- [What to produce] Set the listing down again in full, word for word, with the pictures left out.

- [Dataset extract]
..............................

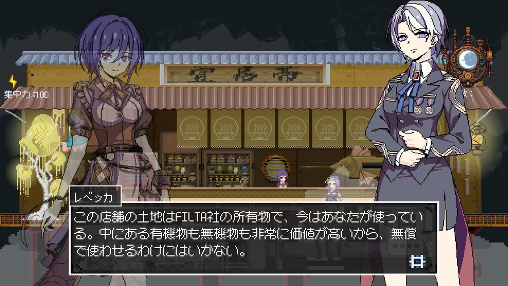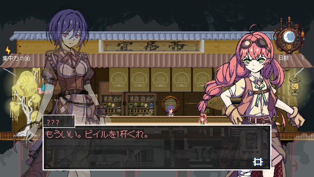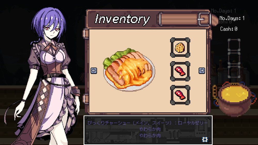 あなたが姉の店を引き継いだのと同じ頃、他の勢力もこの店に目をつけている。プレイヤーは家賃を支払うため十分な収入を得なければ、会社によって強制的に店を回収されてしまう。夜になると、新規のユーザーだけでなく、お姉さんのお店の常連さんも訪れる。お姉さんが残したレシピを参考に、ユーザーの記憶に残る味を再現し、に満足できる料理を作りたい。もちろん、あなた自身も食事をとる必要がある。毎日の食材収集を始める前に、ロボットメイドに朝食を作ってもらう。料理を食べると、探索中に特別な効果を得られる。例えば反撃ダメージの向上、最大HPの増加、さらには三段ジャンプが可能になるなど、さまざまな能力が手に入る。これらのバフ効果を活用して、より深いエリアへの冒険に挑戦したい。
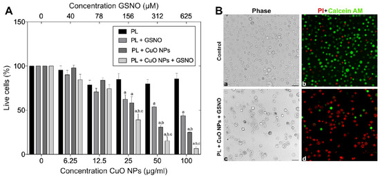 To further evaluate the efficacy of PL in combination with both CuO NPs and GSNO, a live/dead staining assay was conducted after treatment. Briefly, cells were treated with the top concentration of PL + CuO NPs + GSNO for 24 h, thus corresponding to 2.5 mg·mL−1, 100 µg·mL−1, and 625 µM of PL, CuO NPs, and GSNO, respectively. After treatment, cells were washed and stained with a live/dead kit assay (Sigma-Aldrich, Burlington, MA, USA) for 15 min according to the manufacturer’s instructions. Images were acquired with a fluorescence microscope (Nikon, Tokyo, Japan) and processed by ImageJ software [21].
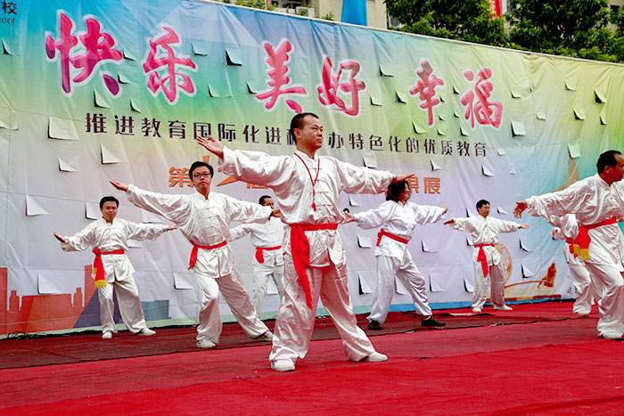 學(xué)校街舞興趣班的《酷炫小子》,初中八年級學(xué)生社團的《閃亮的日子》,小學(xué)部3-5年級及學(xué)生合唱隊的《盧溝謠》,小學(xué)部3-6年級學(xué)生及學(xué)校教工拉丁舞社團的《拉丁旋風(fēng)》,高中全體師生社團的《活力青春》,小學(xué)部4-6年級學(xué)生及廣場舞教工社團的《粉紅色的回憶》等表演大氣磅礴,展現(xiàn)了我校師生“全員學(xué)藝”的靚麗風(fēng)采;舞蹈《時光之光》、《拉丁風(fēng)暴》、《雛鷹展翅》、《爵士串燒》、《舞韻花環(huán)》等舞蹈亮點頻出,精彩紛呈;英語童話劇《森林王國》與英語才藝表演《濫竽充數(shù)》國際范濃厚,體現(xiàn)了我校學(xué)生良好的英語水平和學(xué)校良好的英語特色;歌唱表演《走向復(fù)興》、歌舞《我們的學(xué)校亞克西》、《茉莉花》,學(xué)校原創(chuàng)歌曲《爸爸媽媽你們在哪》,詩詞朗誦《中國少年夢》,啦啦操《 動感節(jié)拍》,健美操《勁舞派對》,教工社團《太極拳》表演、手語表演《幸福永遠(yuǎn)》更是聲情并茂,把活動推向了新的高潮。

..............................

- [Reply to the task]
 あなたが姉の店を引き継いだのと同じ頃、他の勢力もこの店に目をつけている。プレイヤーは家賃を支払うため十分な収入を得なければ、会社によって強制的に店を回収されてしまう。夜になると、新規のユーザーだけでなく、お姉さんのお店の常連さんも訪れる。お姉さんが残したレシピを参考に、ユーザーの記憶に残る味を再現し、に満足できる料理を作りたい。もちろん、あなた自身も食事をとる必要がある。毎日の食材収集を始める前に、ロボットメイドに朝食を作ってもらう。料理を食べると、探索中に特別な効果を得られる。例えば反撃ダメージの向上、最大HPの増加、さらには三段ジャンプが可能になるなど、さまざまな能力が手に入る。これらのバフ効果を活用して、より深いエリアへの冒険に挑戦したい。
 To further evaluate the efficacy of PL in combination with both CuO NPs and GSNO, a live/dead staining assay was conducted after treatment. Briefly, cells were treated with the top concentration of PL + CuO NPs + GSNO for 24 h, thus corresponding to 2.5 mg·mL−1, 100 µg·mL−1, and 625 µM of PL, CuO NPs, and GSNO, respectively. After treatment, cells were washed and stained with a live/dead kit assay (Sigma-Aldrich, Burlington, MA, USA) for 15 min according to the manufacturer’s instructions. Images were acquired with a fluorescence microscope (Nikon, Tokyo, Japan) and processed by ImageJ software [21].
 學(xué)校街舞興趣班的《酷炫小子》,初中八年級學(xué)生社團的《閃亮的日子》,小學(xué)部3-5年級及學(xué)生合唱隊的《盧溝謠》,小學(xué)部3-6年級學(xué)生及學(xué)校教工拉丁舞社團的《拉丁旋風(fēng)》,高中全體師生社團的《活力青春》,小學(xué)部4-6年級學(xué)生及廣場舞教工社團的《粉紅色的回憶》等表演大氣磅礴,展現(xiàn)了我校師生“全員學(xué)藝”的靚麗風(fēng)采;舞蹈《時光之光》、《拉丁風(fēng)暴》、《雛鷹展翅》、《爵士串燒》、《舞韻花環(huán)》等舞蹈亮點頻出,精彩紛呈;英語童話劇《森林王國》與英語才藝表演《濫竽充數(shù)》國際范濃厚,體現(xiàn)了我校學(xué)生良好的英語水平和學(xué)校良好的英語特色;歌唱表演《走向復(fù)興》、歌舞《我們的學(xué)校亞克西》、《茉莉花》,學(xué)校原創(chuàng)歌曲《爸爸媽媽你們在哪》,詩詞朗誦《中國少年夢》,啦啦操《 動感節(jié)拍》,健美操《勁舞派對》,教工社團《太極拳》表演、手語表演《幸福永遠(yuǎn)》更是聲情并茂,把活動推向了新的高潮。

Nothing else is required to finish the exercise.